# <font color='#31394d'>k-Means Clustering Practice Exercise</font>

In this notebook, we are going to apply clustering algorithm to identify homogenous groups of customers from the `mall_customer.csv` dataset.

In [None]:
import pandas as pd
import numpy as np
import seaborn as sns
import matplotlib.pyplot as plt

### <font color='#31394d'>Import and Explore the Data</font>

In [None]:
df = pd.read_csv("data/mall_customers.csv")
df.head()

🚀 <font color='#D9C4B1'>Exercise: </font> Explore your data. How large is it? Are there any missing values? What are the data types?

In [None]:
# your code goes here

🚀 <font color='#D9C4B1'>Exercise: </font> The income and spending score columns have pretty awkward names.

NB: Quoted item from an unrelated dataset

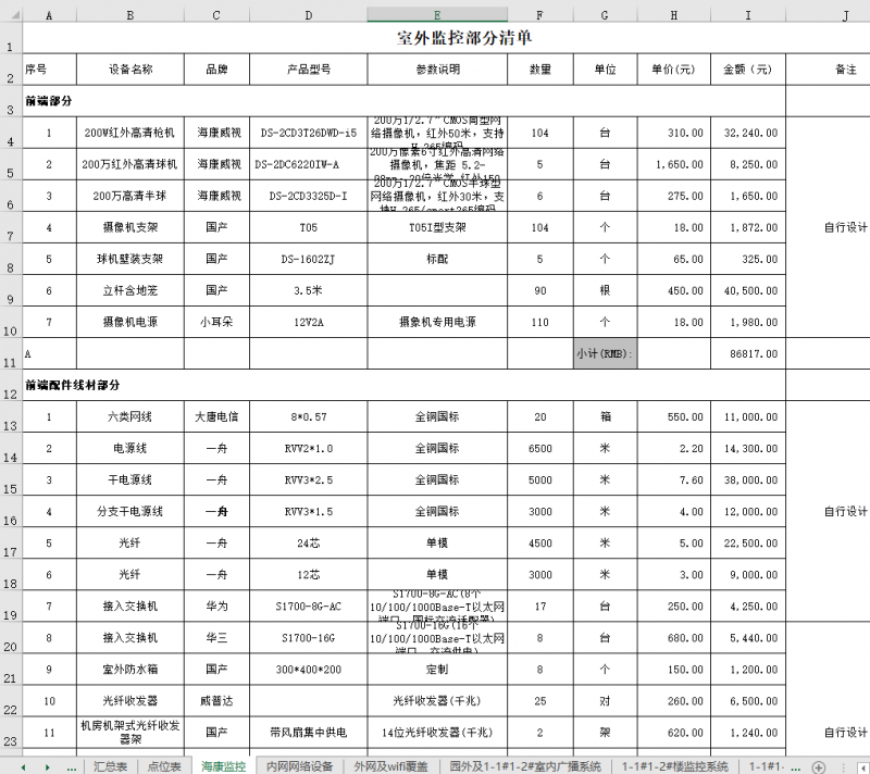 公园景区智能化系统报价预算,系统比较多,部分截图。

Rename them as "AnnualIncome" and "SpendingScore", respectively.

In [None]:
# your code goes here

🚀 <font color='#D9C4B1'>Exercise: </font> Visualize the `Age` and `SpendingScore` distinguished by `Gender`.

In [None]:
# your code goes here

### <font color='#31394d'> Apply k-Means Clustering </font>

Let's attempt to identify clusters based on Age and SpendingScore. Using two variables will allow us to visualize the results, but feel free to re-run this with all the continuous variables. K-means clustering is not suitable for categorical variables.

In [None]:
from sklearn.cluster import KMeans

🚀 <font color='#D9C4B1'>Exercise: </font> Have a look at the help for `KMeans`. What do the "init" and "n_init" arguments do?

In [None]:
# your code goes here

Let's perform k-Means clustering with k=4 (no particular reason, just as an example!)...

In [None]:
km = KMeans(n_clusters=4) # K = 4 
km.fit(df[['Age','SpendingScore']])

🚀 <font color='#D9C4B1'>Exercise: </font> What attributes does the `km` object have?

In [None]:
# your code goes here

Let's have a look at cluster centroids:

In [None]:
pd.DataFrame(km.cluster_centers_, columns=['Age','SpendingScore'], index=['Cluster1', 'Cluster2', 'Cluster3', 'Cluster4'])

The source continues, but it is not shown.